Masalah disampaikan dengan bahasa hormat, bukan diam atau meledak

Dengan prinsip ini, suami tidak sedang “melawan orang tua”, tetapi memindahkan pusat keputusan ke tempat yang semestinya: pasangan.

Beban Emosional yang Jarang Diakui

Sering luput disadari bahwa suami juga mengalami berbagai perasaan dalam mengambil sikap berada di 'tengah' tersebut. Bisa jadi suami merasa:

Rasa bersalah pada orang tua

Tekanan menjadi penengah

Ketakutan dianggap tidak tahu diri

Kelelahan emosional karena dituntut selalu kuat

Karena budaya jarang memberi ruang bagi laki-laki untuk mengungkapkan beban ini, banyak suami memilih diam sebagai mekanisme bertahan, bukan karena tidak peduli.

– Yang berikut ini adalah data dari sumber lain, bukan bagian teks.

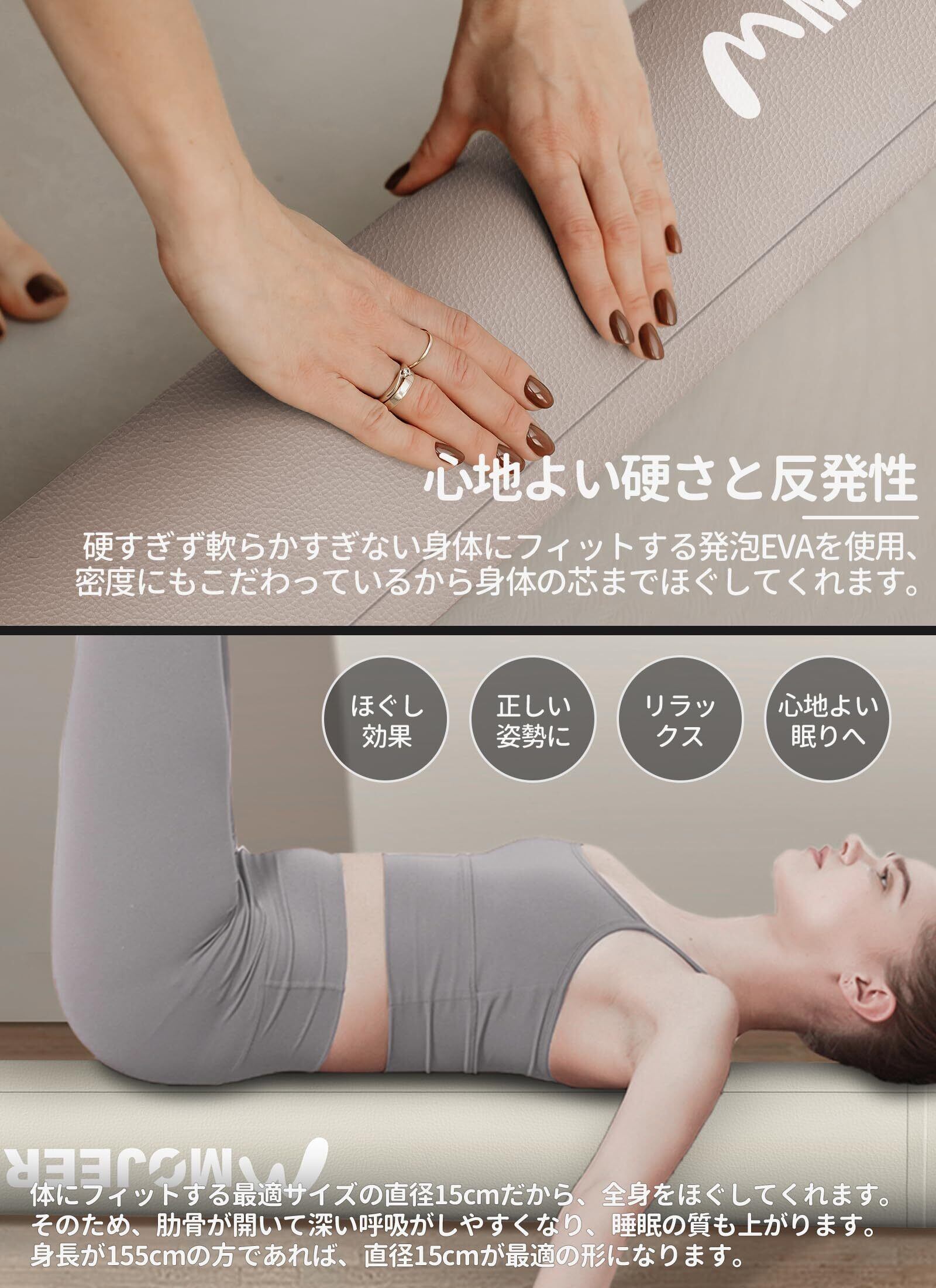 【部屋の雰囲気を邪魔しない】主張しすぎないナチュラルカラーだから、どんな部屋にも馴染みます。リビングに置いておけるため、いつでも手軽にストレッチができます。直径は15cmで、コンパクトで場所を取らないです。リビングに置いておけるため、いつでも手軽にストレッチができます。仕事先、デスクの下で密かにコロコロいかがでしょうか。
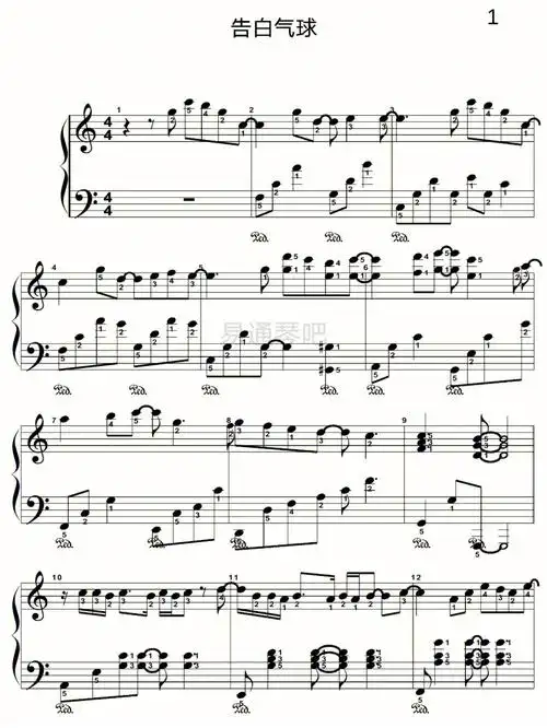 告白气球钢琴谱_周杰伦_完美演奏版
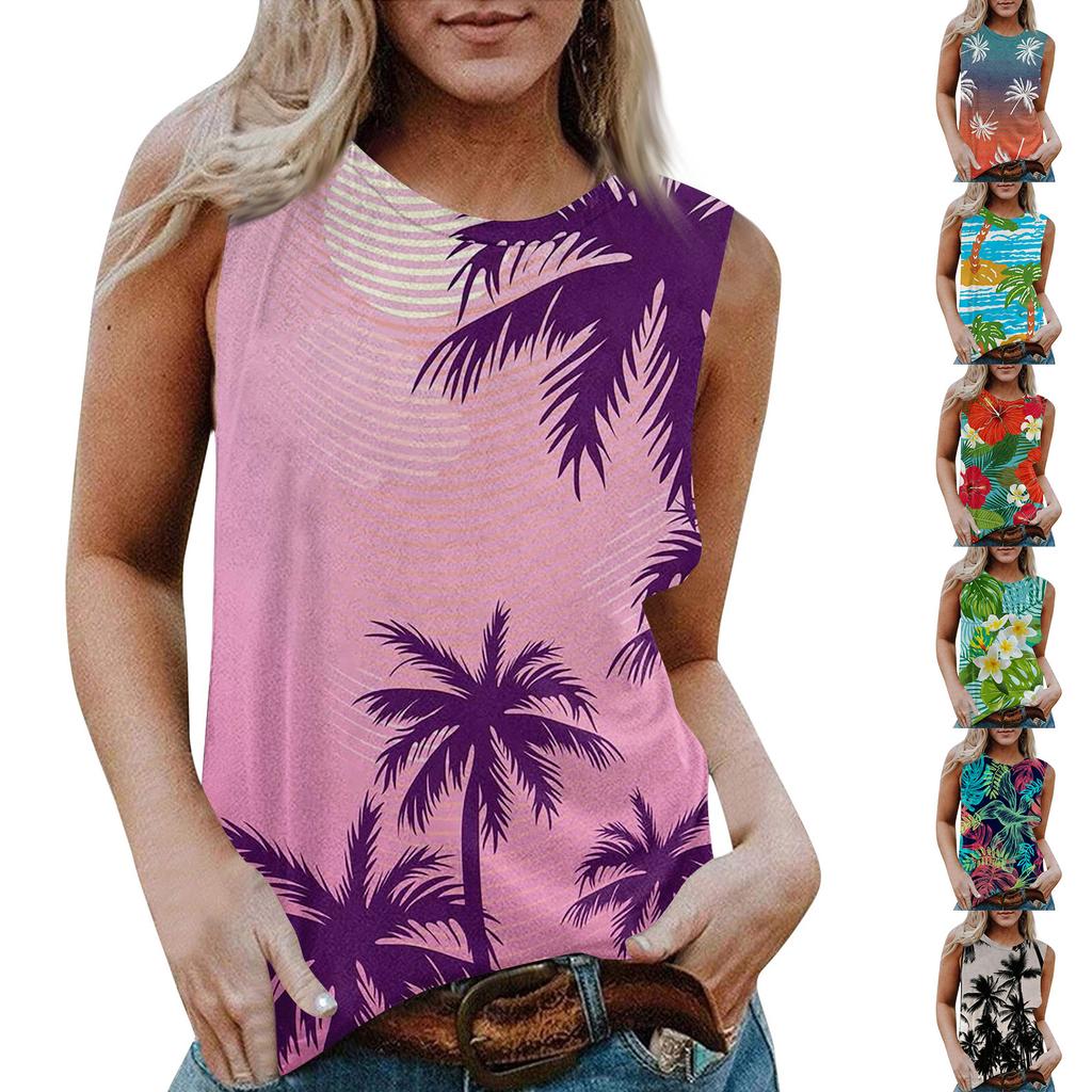 Женская повседневная футболка без рукавов с круглым вырезом и гавайским принтом — купить товар онлайн с бесплатной доставкой до всему миру!
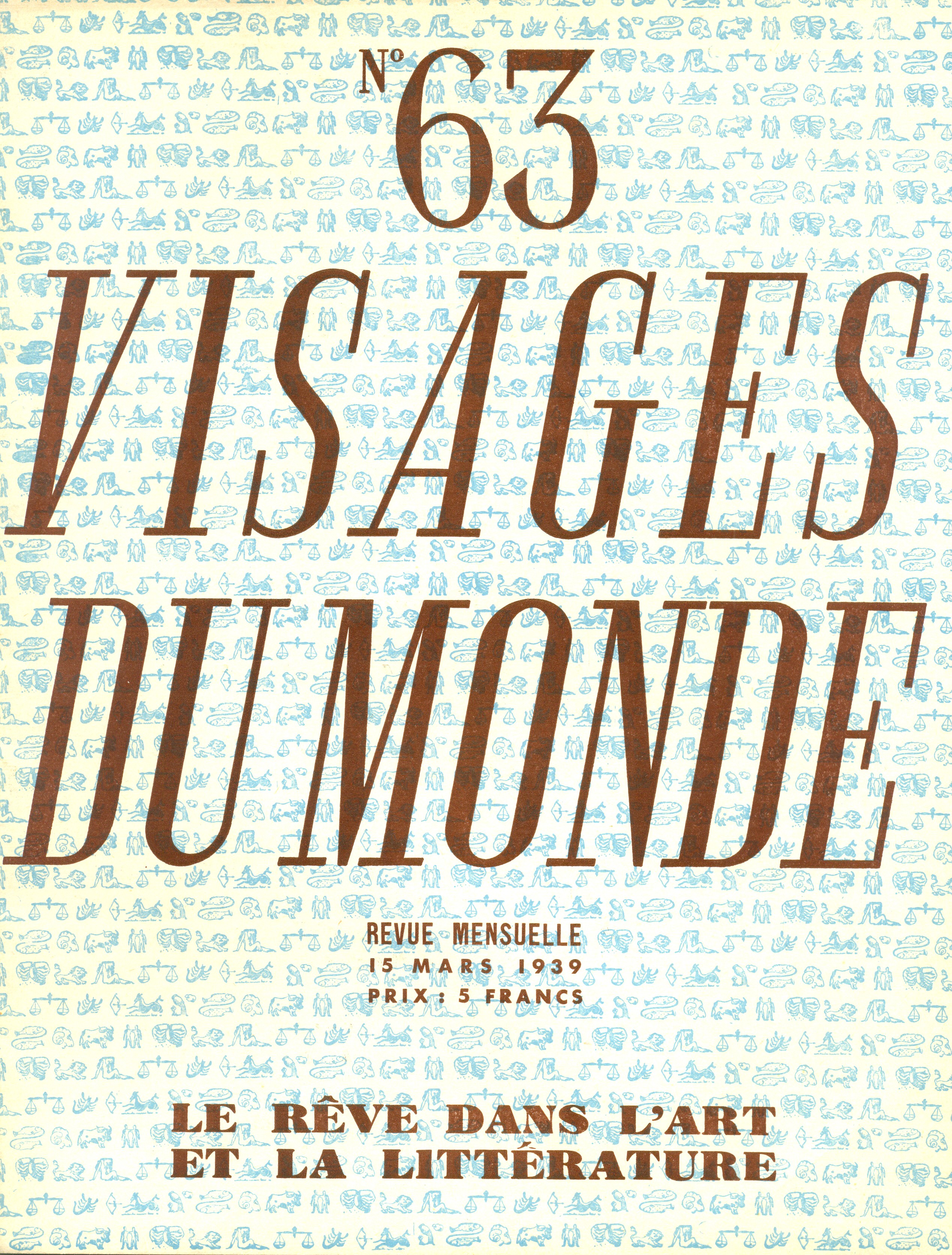 In addition to this important document, in 1939 the painter Frédéric Delanglade, who had become a member of the Surrealist Group in 1933, organized, at the Galerie Contemporaine in Paris, an exhibition called Le Rêve dans l’art et la littérature, de l’antiquité au surréalisme [The dream in art and literature, from antiquity to Surrealism], which was open to the public from March 24 to April 12. The exhibition had the support of the monthly magazine Visages du monde [Faces of the world], which on March 15 published a number of the same name [fig. 6].
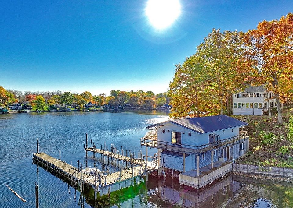 RARE OPPORTUNITY ABOUNDS WITH THIS ISLAND VACATION HOME FEATURING 203'OF WATER FRONTAGE ON GREAT SODUS BAY AT THE NORTHERN TIP OF LEROY ISLAND - THE ONLY ISLAND ON SODUS BAY ACCESSIBLE VIA BRIDGE! SPECTACULAR SUNSETS OVER THE BAY & LAKE ONTARIO CAN BE ENJOYED FROM SEVERAL AREAS OF THIS UNIQUE PROPERTY INCLUDING THE EXPANSIVE ENCLOSED WATERSIDE PORCH! PERMANENT DOCK! INCREDIBLE 2-STORY BOATHOUSE (1500+ SF) WITH HUGE ENTERTAINMENT AREA - OVER $54,000 SPENT ON DECKING & SUPPORTS. NEW CUSTOM WINDOWS FOR THE BAY SIDE OF HOME (BOTH UPPER & LOWER LEVEL)! 1ST LEVEL WINDOWS HAVE BEEN INSTALLED AND 2ND LEVEL WILL BE INSTALLED PRIOR TO CLOSING. ROOF ON HOME WAS A "TEAR OFF" WITH NEW OSB BOARD IN NOV 2024. NEW METAL ROOF ON BOATHOUSE NOV 2024. NOTE 4 BEDROOMS UPSTAIRS DO NOT HAVE CLOSETS BUT HAVE ROOM TO INSTALL THEM. THIS IS A ONE OF A KIND OPPORTUNITY AND SOLD IN "AS IS" CONDITION. FIRST TIME THIS RARE PROPERTY HAS BEEN FOR SALE IN 54 YEARS! DELAYED NEGOTIATION. ALL OFFERS DUE BY MONDAY, NOV 3RD AT 12:00 NOON. NO ESCALATION CLAUSES PER SELLER. PLEASE SUBMIT HIGHEST AND BEST OFFER.
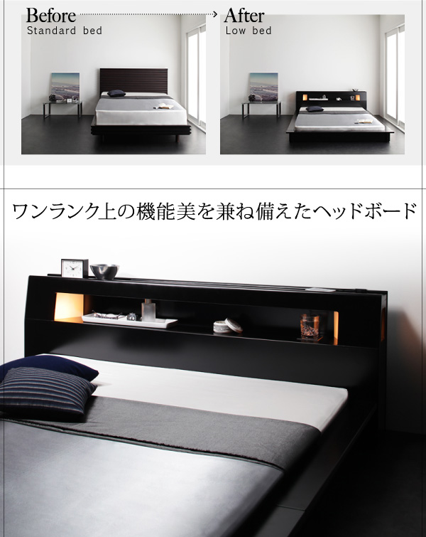 圧迫感が少なく寝室を開放的に演出する、モダンライト・コンセント付きステージフロアベッドです。マットレス外側フレームがステージのように設計された、ステージスタイルデザインです。ヘッドボードには棚収納、2口コンセント、モダンライトを備えています。汚れや傷に強いウレタン塗装仕上げを施しており、楽にお手入れを行っていただけます。
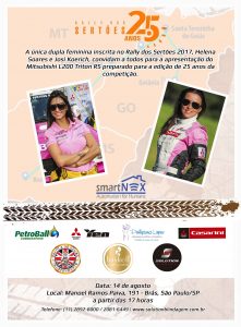 Cartões e Convites Convite : Apresentação do carro de Helena Soares e Josi Koerich para o Rally dos Sertões 10 de agosto de 2017
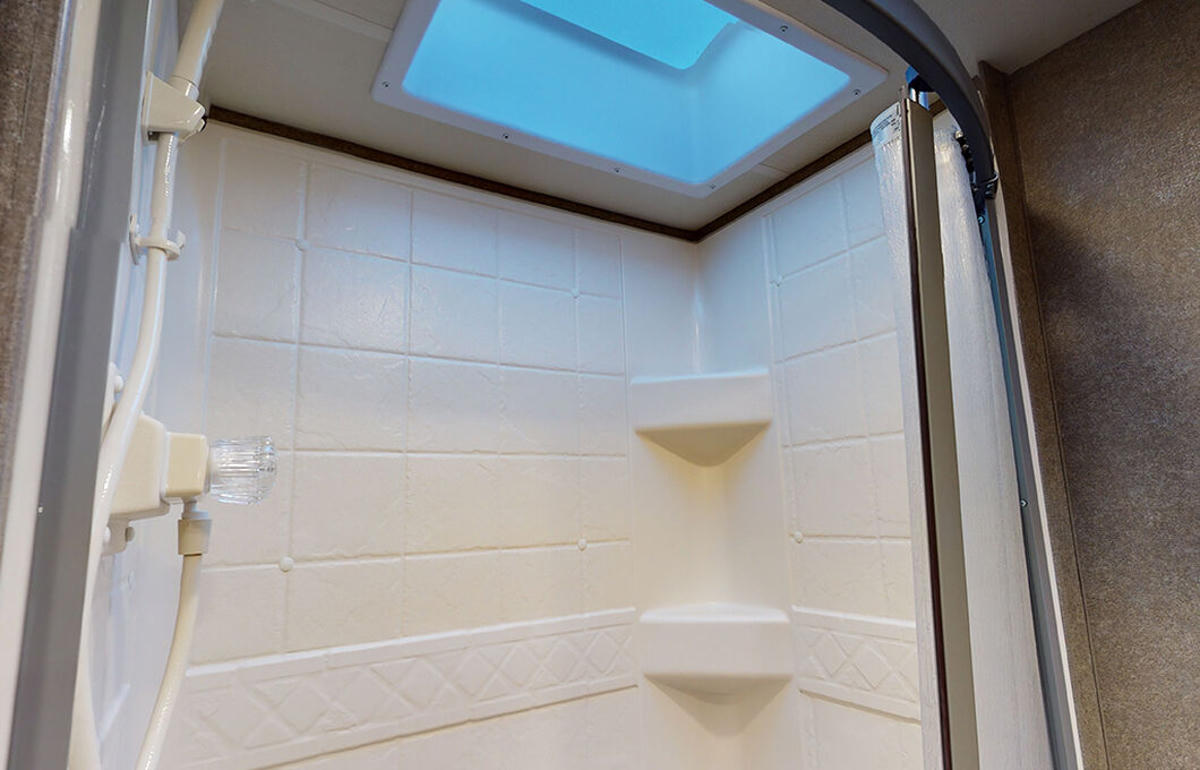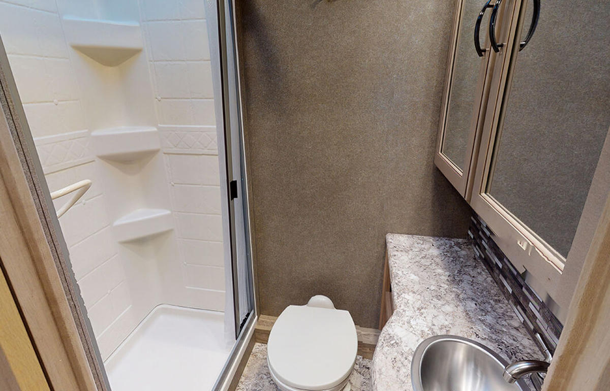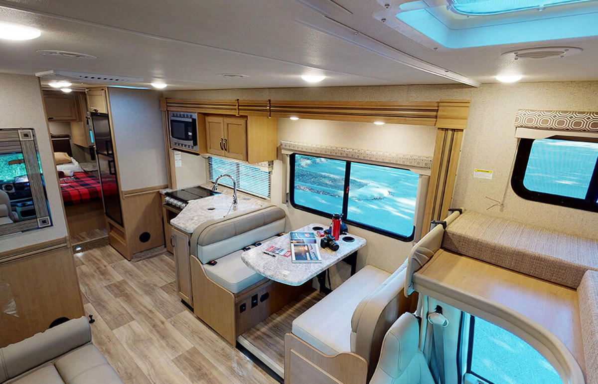 Im Innenraum überzeugt der Class C XLarge von Fraserway RV durch eine gut ausgestattete Küche mit Ofen, Mikrowelle und einen Wohnbereich mit ausziehbarem Slide‑Out zur Vergrößerung des Platzangebots und zahlreiche Komfortfeatures wie Dach‑Klimaanlage, Dual‑Batterie‑System und Back‑up‑Kamera. Das Badezimmer ist mit einer separaten Dusche und einer Toilette ausgestattet und rundet die funktionale Einrichtung ab. Schlafgelegenheiten gibt es im permanenten Schlafzimmer im Heck, im großzügigen Alkoven‑Bett über der Fahrerkabine sowie durch Umwandlung von Dinette und Sofa zu weiteren Betten – so können alle Reisenden bequem übernachten.
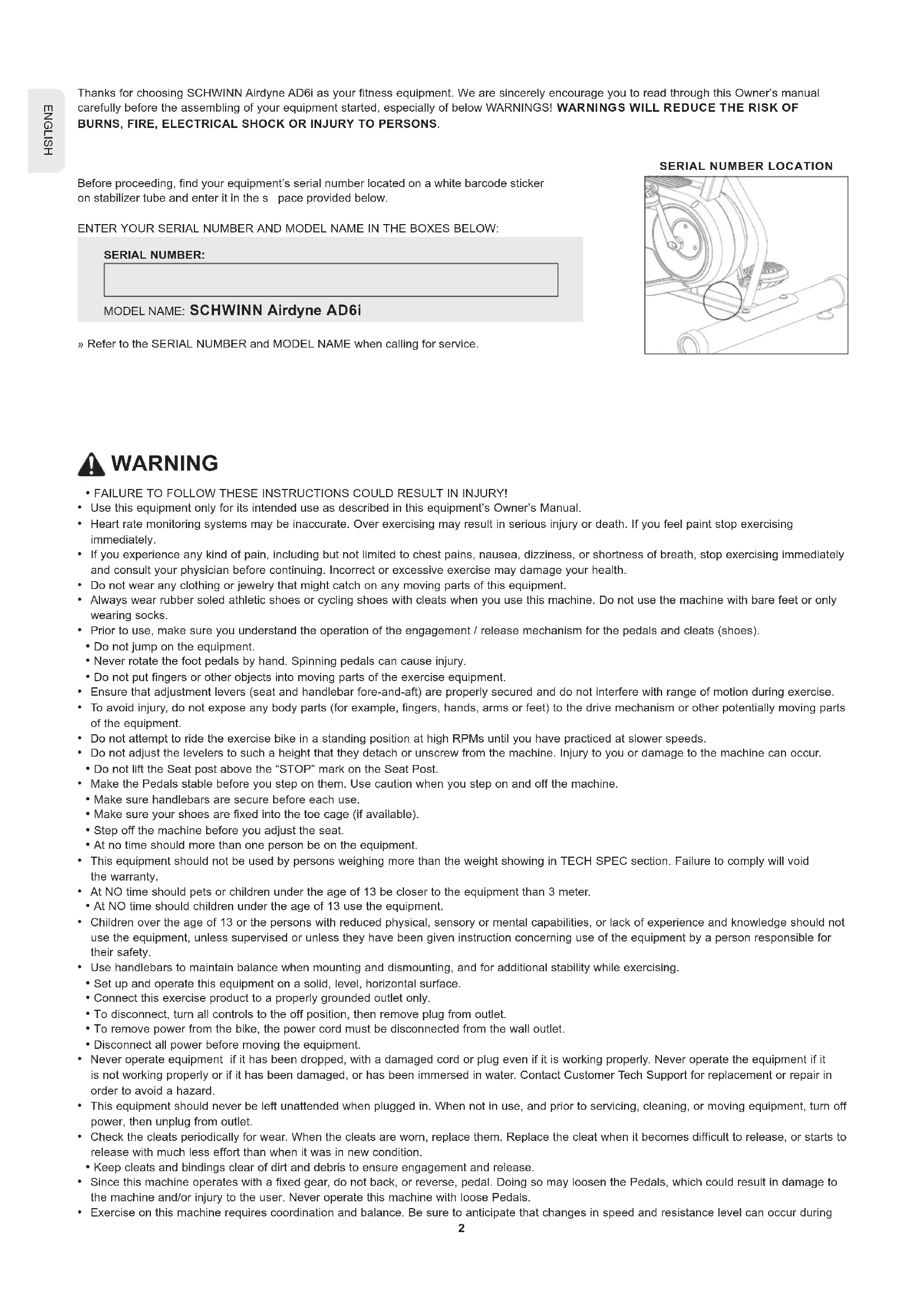 Thanks for choosing SCHWINN Airdyne AD6i as your fitness equipment. We are sincerely encourage you to read through this Owner's manual carefully before the assembling of your equipment started, especially of below WARNINGS! WARNINGS WILL REDUCE THE RISK OF BURNS, FIRE, ELECTRICAL SHOCK OR INJURY TO PERSONS.
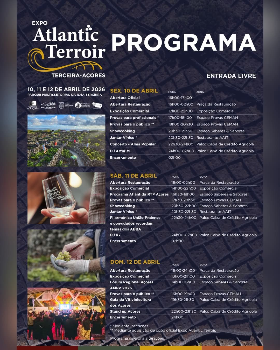 A segunda edição da Expo Atlantic Terroir decorre entre os dias 10 e 12 de abril, no Parque Multissetorial da Ilha Terceira, em Angra do Heroísmo, reunindo produtores, especialistas e público em torno da promoção do vinho e da gastronomia atlântica.
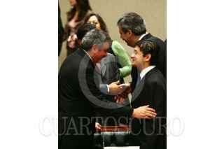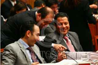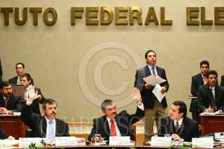 MÉXICO, D.F., 10JULIO2008.- El consejero Marco Antonio Baños Martínez, el diputado por Nueva Alianza Miguel Ángel Jiménez Godínez y el representante del PAN ante el IFE, Roberto Gil Zuarth, durante la sesión extraordinaria del Instituto. FOTO: ISAAC ESQUIVEL/CUARTOSCURO.COM
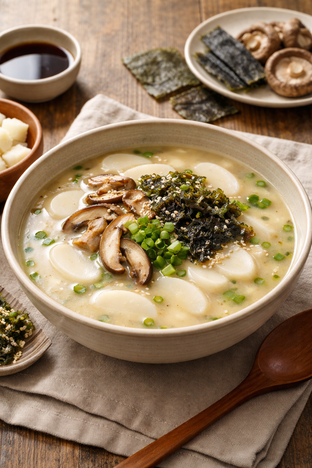 여기에 떡국용 가래떡을 넣고 떡이 말랑해질 때까지 끓인다. 간은 간장이나 된장으로 맞추되 소량씩 조절하는 것이 좋다. 마지막으로 대파를 넣고 불을 끈 뒤 참기름을 한두 방울 떨어뜨리면 고소한 향이 살아난다. 고명으로는 구운 김이나 볶은 표고버섯 채를 올려 식감과 영양을 더할 수 있다.
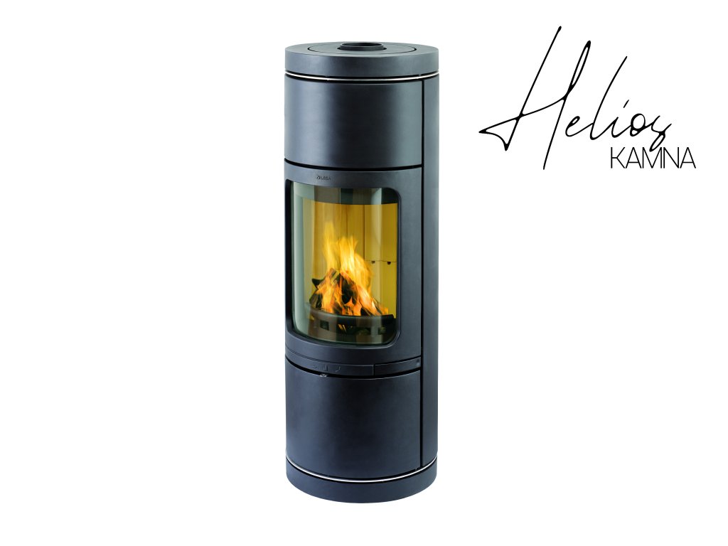 Kompaktní celolitinová kamna s volitelnou litinovou akumulací (+90 kg), v moderním válcovém tvaru s žádaným drážkovaným designem čelních panelů.
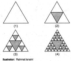 Pada gambar-gambar di bawah ini, gambar berikutnya diperoleh dengan menambah gambar segitiga sama sisi berwarna hitam yang ukuran sisinya setengah dari setiap segitiga warna putih yang tersisa pada gambar selanjutnya.
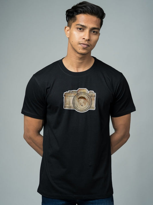 Roads to India® Men's Pure Cotton Travel T-Shirt – Photographer Graphic Tee | Unisex Fit (Regular & Oversized) | 180/220 GSM | Half Sleeve, Round Neck | S–5XL | Black, Navy Blue
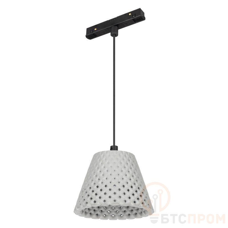 Светильник для магнитных треков MAG-ORIENT шириной 26 мм. Мощность 5 Вт, св. поток 120 лм, Теплый 3000 K, CRI>90, угол 80°, напряжение питания 48 В. Серый фигурный корпус из композитного материала на основе гипса, степень защиты IP20. Размер светоизлучающего модуля: 135*100 мм. Длина подвеса 1500мм. Монтаж на трек MAG-ORIENT. Подвес не регулируется.
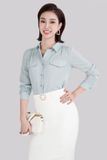 Áo sơ mi cổ hai ve chất liệu tằm cát, nắp túi FAK51148 - PANTIO

Namun diam terlalu lama justru:

Menumpuk konflik

Membuat masalah laten

Menggerus kepercayaan pasangan

Keseimbangan Bukan Soal Sempurna, tapi Konsisten

Suami tidak harus selalu benar, tetapi perlu konsisten. Konsisten dalam hal apa saja?

Konsisten menyatakan bahwa istrinya adalah partner utama

Konsisten menjaga adab pada orang tua

Konsisten membuat batas yang jelas

Keseimbangan bukan kondisi statis, melainkan proses negosiasi yang terus berjalan. Akan ada salah, akan ada koreksi, tetapi arah harus jelas.

Ingat! Saat Suami Absen, Konflik Membesar

Dari banyak cerita keluarga:

Konflik menantu–mertua jarang membesar tanpa absennya peran suami

Ketegangan meningkat ketika suami menyerahkan semuanya pada istri

Harmoni lebih mudah terjaga ketika suami hadir, meski tidak sempurna

Ini bukan soal kemampuan komunikasi semata, tetapi keberanian mengambil posisi dewasa.

Penutup

Menjadi suami di tengah dua keluarga adalah peran yang berat, bukan karena harus memilih, tetapi karena harus menjaga keseimbangan dengan prinsip. Hormat tanpa kehilangan arah, sayang tanpa memutus silsilah.

Keharmonisan keluarga bukan lahir dari ketiadaan konflik, melainkan dari kejelasan posisi dan keberanian bertanggung jawab.